Provided data »

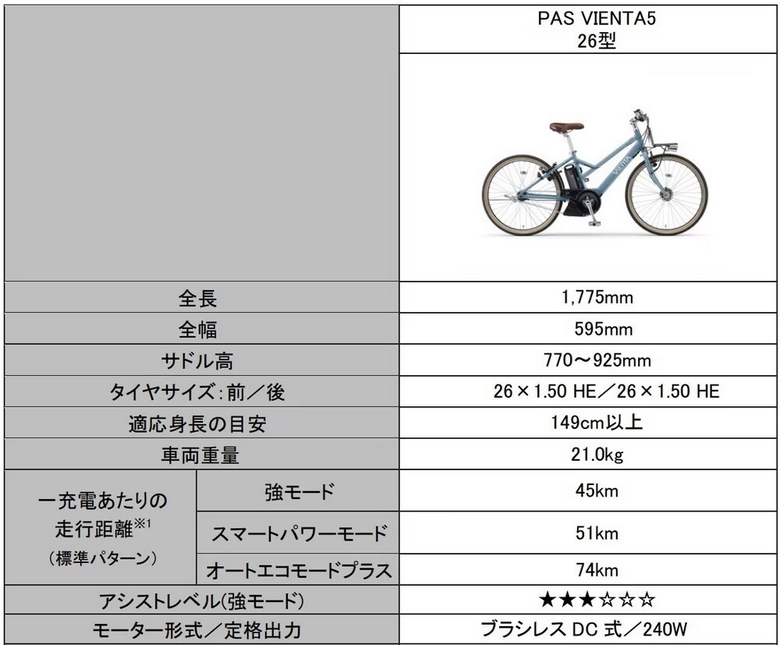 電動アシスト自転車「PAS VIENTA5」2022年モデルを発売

--

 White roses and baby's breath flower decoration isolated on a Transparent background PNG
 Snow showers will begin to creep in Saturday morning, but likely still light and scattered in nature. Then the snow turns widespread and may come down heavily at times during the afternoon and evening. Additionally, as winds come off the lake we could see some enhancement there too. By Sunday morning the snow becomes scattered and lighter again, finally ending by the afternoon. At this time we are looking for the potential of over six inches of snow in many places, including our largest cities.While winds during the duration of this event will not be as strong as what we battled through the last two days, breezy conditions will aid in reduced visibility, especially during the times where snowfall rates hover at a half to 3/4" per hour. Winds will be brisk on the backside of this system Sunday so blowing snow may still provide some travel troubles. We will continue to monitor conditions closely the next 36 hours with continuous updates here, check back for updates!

Goal of the exercise »
Wherever the line holding "White roses and" falls in the entries above, copy exactly from it through the line holding "Snow showers will", inclusive, and add nothing.

Solution for this problem »
 White roses and baby's breath flower decoration isolated on a Transparent background PNG
 Snow showers will begin to creep in Saturday morning, but likely still light and scattered in nature. Then the snow turns widespread and may come down heavily at times during the afternoon and evening. Additionally, as winds come off the lake we could see some enhancement there too. By Sunday morning the snow becomes scattered and lighter again, finally ending by the afternoon. At this time we are looking for the potential of over six inches of snow in many places, including our largest cities.While winds during the duration of this event will not be as strong as what we battled through the last two days, breezy conditions will aid in reduced visibility, especially during the times where snowfall rates hover at a half to 3/4" per hour. Winds will be brisk on the backside of this system Sunday so blowing snow may still provide some travel troubles. We will continue to monitor conditions closely the next 36 hours with continuous updates here, check back for updates!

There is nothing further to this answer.